Information sources are exposed as services. This concept focuses on hiding the implementation and access mechanism details of a given information source behind a service based interface (or façade). While an SOA approach could be done with any number of technologies, one embodiment uses of XML and Web Services. Using this approach, it is possible to hide whether the information source requires a SQL query, for example, to access the information within. Application development becomes focused on making service requests and handling service responses. In one embodiment, an information source can be turned into a service through use of a service proxy or a service adapter.

A service proxy can serve as an external wrapper which is installed in front of an information source, an application or a service. The proxy acts as a gateway and a façade through which access to the information source is performed. By way of illustration, a service proxy for accessing files in a file system could be created to access a file anywhere in a file system or be restricted to only certain areas of the file system. By way of further illustration, service proxies can hide the details of what a requesting entity or “consumer” is required to do in order to establish a session with the information source, transform the service request into the appropriate set of interactions in order to retrieve or update the information service, and then format the information to be returned to the consumer.
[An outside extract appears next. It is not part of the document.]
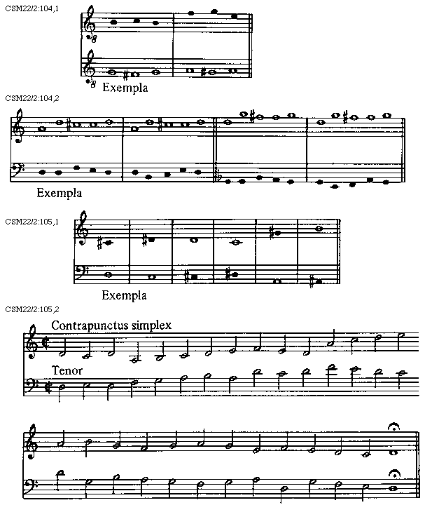 Porro licet omnium praemissorum modorum ad efficiendum contrapunctum tam super cantum planum quam super figuratum exempla sint contrapuncti diminuti, simpliciter tamen, hoc est nota contra notam eisudem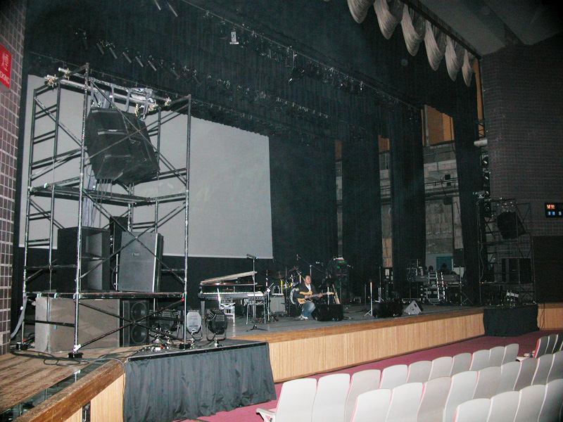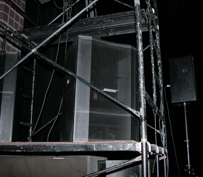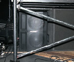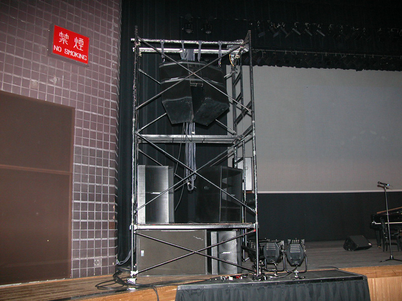 正面ステージに向って左右に設置されたスピーカーの内容をそれぞれにご紹介しよう。写真からご覧いただけるシステムの最上段に設置されたスピーカーシステムが「Panaray

By way of yet another illustration, the service proxy may hide the additional steps required to determine the actual results to be returned (e.g., the retrieval of additional meta-data, such as data sensitivity labels that may be stored in yet another information store, that need to be retrieved and evaluated before particular portions of the result set are to be returned).

In one embodiment, a service adapter is an embedded or integrated form of a service proxy. A service adapter is integrated into the request/response processing logic of a process (e.g., an information source) rather than operating externally from it.
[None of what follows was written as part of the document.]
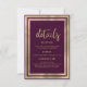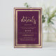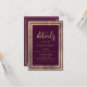 A modern minimalist luxury gold and burgundy watercolor with elegant trendy gold handwritten typography. This glam wedding Details Card is the perfect print for any bride and groom's Wedding event. Customise this design with your details and monogram initial.

In one embodiment, the SOA approach is extended with a service bus switching fabric. The service bus can provide the flexibility to allow data transformations and other services to be “plugged” into the bus and then reused by any number of different services and application components. This removes the need to hardwire a particular processing flow of services by allowing the processing flow to be described and then dynamically assembled. In one embodiment, applications can be assembled from any of the services which are “plugged” into the bus to create new information-based applications. In addition, through the orchestration of services, using standards such as Business Process Execution Language (BPEL), it is possible to dynamically change how an information technology infrastructure utilizes information sources, performs the data transformations, and incorporates capabilities provided by and to external partners to allow an enterprise to more efficiently execute its mission.
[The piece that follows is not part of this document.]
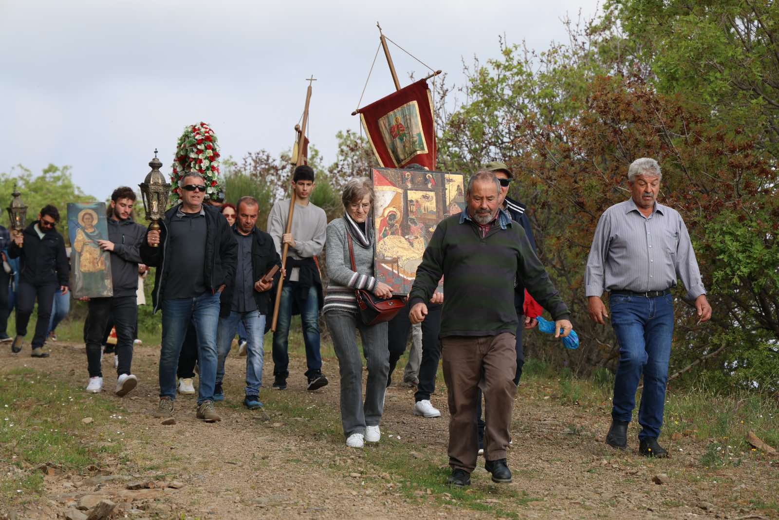 Σύμφωνα με το τελετουργικό οι κάτοικοι ξεκίνησαν στις 7.30 το πρωί από τη χωριοκκλησιά των Λεπτοπόδων, την Παναγιά τη Δέσποινα, κουβαλώντας μικρές και μεγάλες εικόνες, το λάβαρο της Αναστάσεως, εξαπτέρυγα και με μπροστάρη τη σημαία του πολιτιστικού συλλόγου του χωριού, κατηφόρισαν προς τα Αγιάσματα, κάνοντας στάσεις στα ξωκκλήσια του Αγίου Σπυρίδωνα και του Αγίου Ισιδώρου. Στα Αγιάσματα ο ιερέας Πλάτων Κανέρης, που παρότι ιερέας του Αγίου Γάλακτος εξυπηρετεί και τα Λεπτόδοδα, και επί μία 20ετία ακολουθεί με τα πόδια τους πιστούς στη διαδρομή τους, τέλεσε τη Θεία Λειτουργία στο εκκλησάκι των Αγίων Αναργύρων, που ανήκει στα Λεπτόποδα και βρίσκεται δίπλα στα εκκλησάκια της Αγίας Ζώνης και του Άγιου Νικόλα που ανήκουν στον Κέραμο και τον Εγρηγόρο αντίστοιχα.

FIG. 1 is functional block diagram of an example computing environment enabled for service oriented architecture in an embodiment. As shown by FIG. 1 and by way of example, a computing environment includes a service bus 100 that represents a fusion of message brokering, web services, business-to-business (B2B) web services gateway and web services management concepts into a combination centered around a runtime configuration information directory/repository 106 and console 104. The service bus is an easy to use configuration-driven intermediary that accomplishes (without limitation) the following efficiently and with high availability, scalability and reliability:

Bridges the gap between what message sender 114 sends and what receiver 116 expects in the area of envelope protocol, transport protocol, security scheme, payload contents, one way and request/response paradigms, synchronous and asynchronous communication, point-to-point, and publish/subscribe.

Provides additional computing capability to perform tasks such as (but not limited to) multi-destination publish, content based routing, authentication and authorization, and credential mapping.

Provides monitoring capability with metrics collection and display, alert displays, tracking event collection and use, message archiving and Service Level Agreement (SLA) management.

FIG. 2 is an operational flow diagram illustrating a high level overview of a technique for providing an implementation plan for implementing a service oriented architecture in accordance with an embodiment. As shown in FIG. 2, at least one response to a computer based survey of questions in at least one domain is received (block 202). The responses indicate an opinion of a customer of the customer's readiness to adopt a service oriented architecture. The responses are aggregate by calculating a total score by domain for the customer and for a peer group to which the customer belongs (block 204). The total score for each domain is mapped to a plurality of readiness stages to determine a readiness stage for the customer (block 206). In an embodiment, the plurality of readiness stages may be organized according to a matrix as illustrated by FIG. 5. The implementation plan is generated based at least in part on the readiness stage and the total score for the customer and for the peer group (block 208). The implementation plan indicates to an IT consultant the customer's needs to be satisfied in each domain in order for the customer to be able to adopt the service oriented architecture. Some embodiments may generate other results in addition to the implementation plan. Alternate embodiments may generate other results instead of an implementation plan.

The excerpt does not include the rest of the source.